**REQUIRED WORK:** Word for word, retype the lines from the one containing "V podvečer na" to the one containing "19TH CENTURY STAFFORDSHIRE" below, keeping both end lines and dropping the pictures.

**EXTRACTED ENTRIES:**
◇ ◇ ◇ ◇ ◇ ◇ ◇
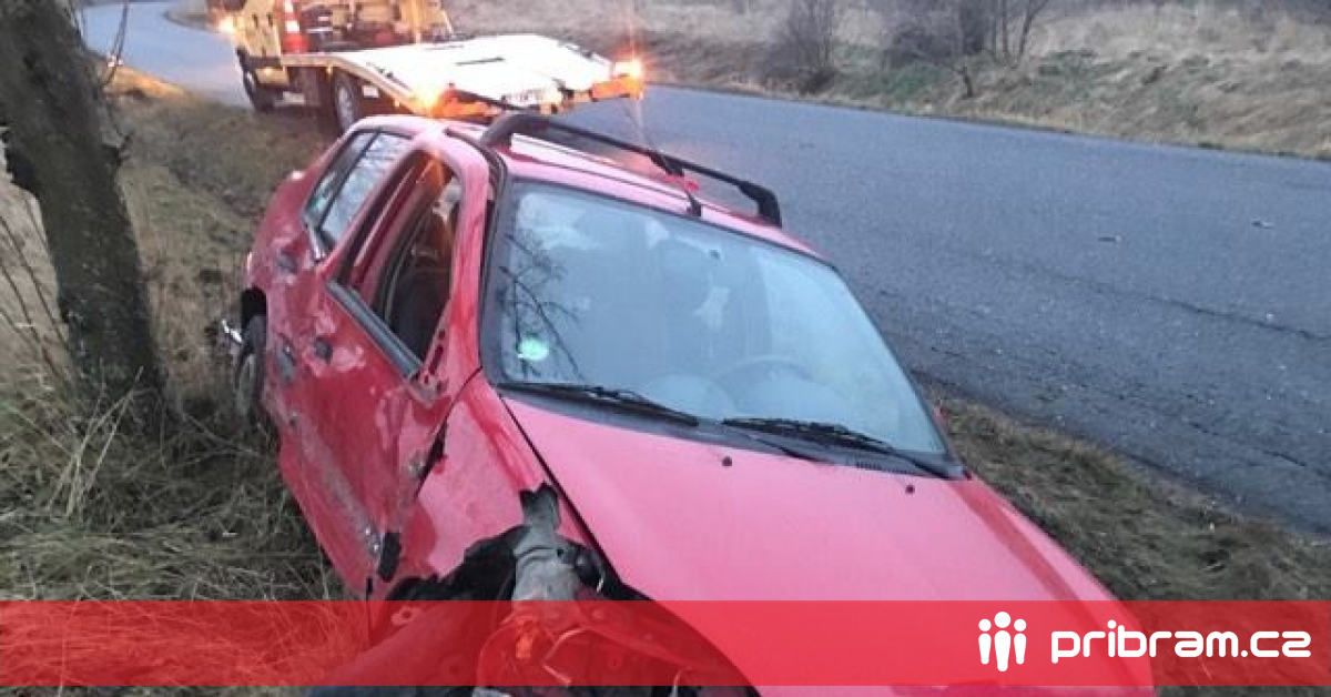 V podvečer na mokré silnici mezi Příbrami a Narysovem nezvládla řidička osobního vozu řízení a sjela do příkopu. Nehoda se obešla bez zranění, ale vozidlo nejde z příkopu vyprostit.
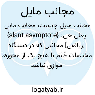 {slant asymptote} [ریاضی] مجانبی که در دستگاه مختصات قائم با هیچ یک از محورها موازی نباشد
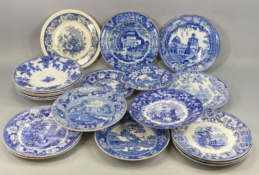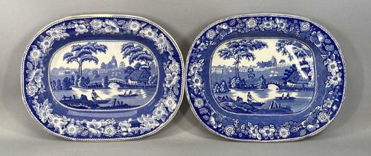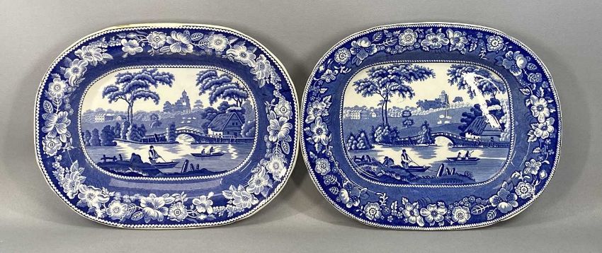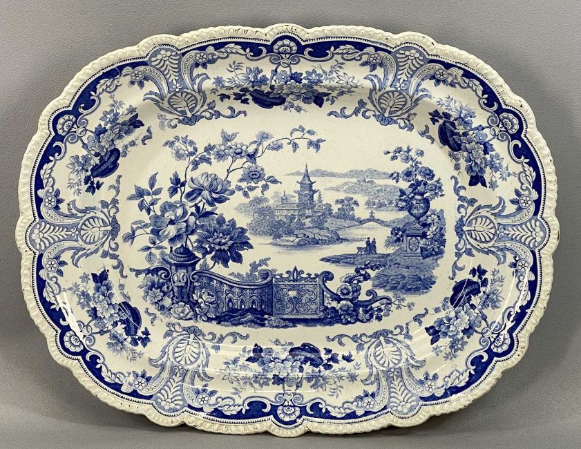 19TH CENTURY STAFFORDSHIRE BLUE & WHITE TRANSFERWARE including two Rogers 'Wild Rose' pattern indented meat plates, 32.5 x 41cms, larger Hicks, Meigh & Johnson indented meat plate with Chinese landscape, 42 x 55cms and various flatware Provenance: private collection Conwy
◇ ◇ ◇ ◇ ◇ ◇ ◇
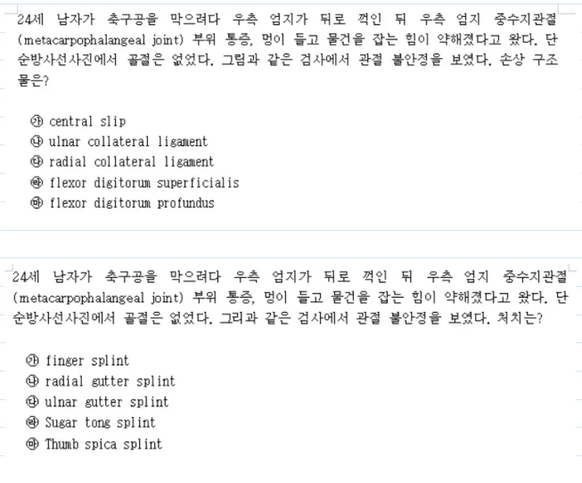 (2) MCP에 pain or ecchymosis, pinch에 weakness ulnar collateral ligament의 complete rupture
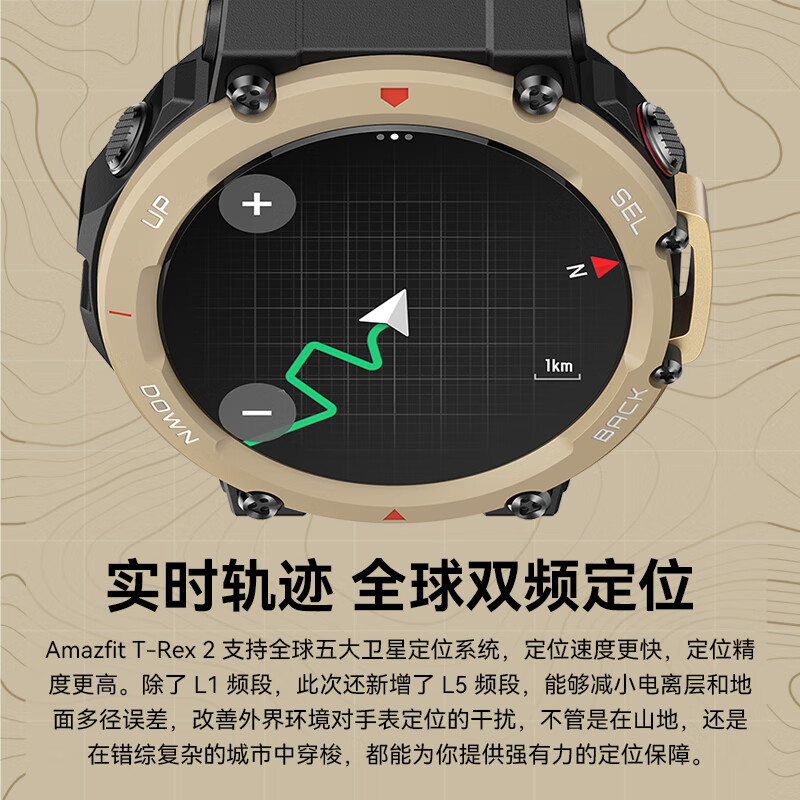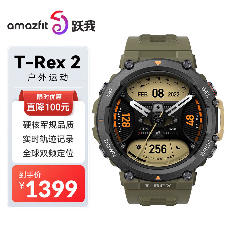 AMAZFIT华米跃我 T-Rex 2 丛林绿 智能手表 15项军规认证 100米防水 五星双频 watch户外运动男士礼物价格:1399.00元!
◇ ◇ ◇ ◇ ◇ ◇ ◇
**EXERCISE SOLUTION:**
 V podvečer na mokré silnici mezi Příbrami a Narysovem nezvládla řidička osobního vozu řízení a sjela do příkopu. Nehoda se obešla bez zranění, ale vozidlo nejde z příkopu vyprostit.
 {slant asymptote} [ریاضی] مجانبی که در دستگاه مختصات قائم با هیچ یک از محورها موازی نباشد
 19TH CENTURY STAFFORDSHIRE BLUE & WHITE TRANSFERWARE including two Rogers 'Wild Rose' pattern indented meat plates, 32.5 x 41cms, larger Hicks, Meigh & Johnson indented meat plate with Chinese landscape, 42 x 55cms and various flatware Provenance: private collection Conwy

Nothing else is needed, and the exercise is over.